On Friday, April 11, a staged reading and discussion of Paradise Expressway, a new play by JHI New Media and Public Humanities Postdoctoral Fellow Chloe Bordewich, was held at the Helen Gardiner Phelan Playhouse. The reading was directed by Mika Deneige and stage-managed by Gheeda Mourtada, with a cast composed of University of Toronto undergraduates Dalila Bejar-Ali, Malek Jaziri, Maria Miroshnichenko and Moaz Saber, and community members Melika Ghatea and Mahmoud Shawaf.
Paradise Expressway is set in Cairo, Egypt, in the very recent past. In the play, an Egyptian teacher, Salim, and a Canadian journalist, Cora, come to document the maze of tombs in the historic City of the Dead before they are bulldozed to make way for the Paradise Expressway. But authorities have cracked down harshly on opposition to the project, and they need to keep their profile low. When Cora is overheard asking questions, it sets off a series of events that threaten to upset her friendship with Salim–and land one of them in serious trouble. Moving back and forth between English and Arabic, the play explores surveillance, distrust and the grave consequences of inattention amid the havoc of urban destruction wreaked in the name of progress.

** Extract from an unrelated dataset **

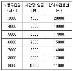 다음은 근로자의 노동투입량, 시간당 임금 및 노동의 한계수입생산을 나타낸 것이다. 기업이 노동투입량을 5000시간에서 6000시간으로 증가시킬 때 노동의 한계비용은?
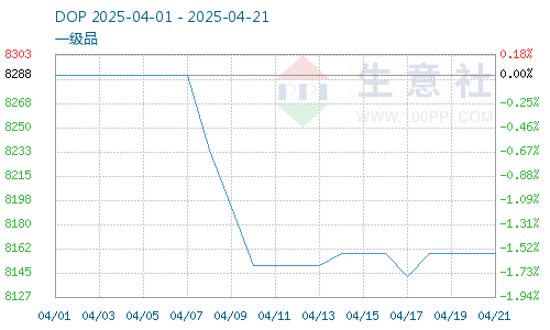 據生意社商品行情分析系統(tǒng),截止4月21日,DOP價格8159.16元/噸,較4月14日DOP價格8159.16元/噸震蕩趨穩(wěn);較4月17日DOP價格8142.50元/噸震蕩上漲,漲幅0.20%。增塑劑DOP企業(yè)開工低位趨穩(wěn),增塑劑DOP產量穩(wěn)定,苯酐價格反彈上漲,異辛醇價格止跌上漲,增塑劑DOP成本上漲,成本上漲加之供需雙弱,增塑劑上漲支撐加大下跌壓力減弱。

Paradise Expressway, a work of fiction, is Bordewich’s first play. A trained historian, she turned to playwriting to attend to the personal marginalia of her research—especially the ethical dilemmas of conducting that research in a surveillance state and the privilege of doing so as a foreigner. A post-show discussion among cast, crew, playwright and audience addressed the profoundly unequal risks faced by the Canadian and Egyptian protagonists, the resilience of friendship, and the terror of facing arbitrary arrest.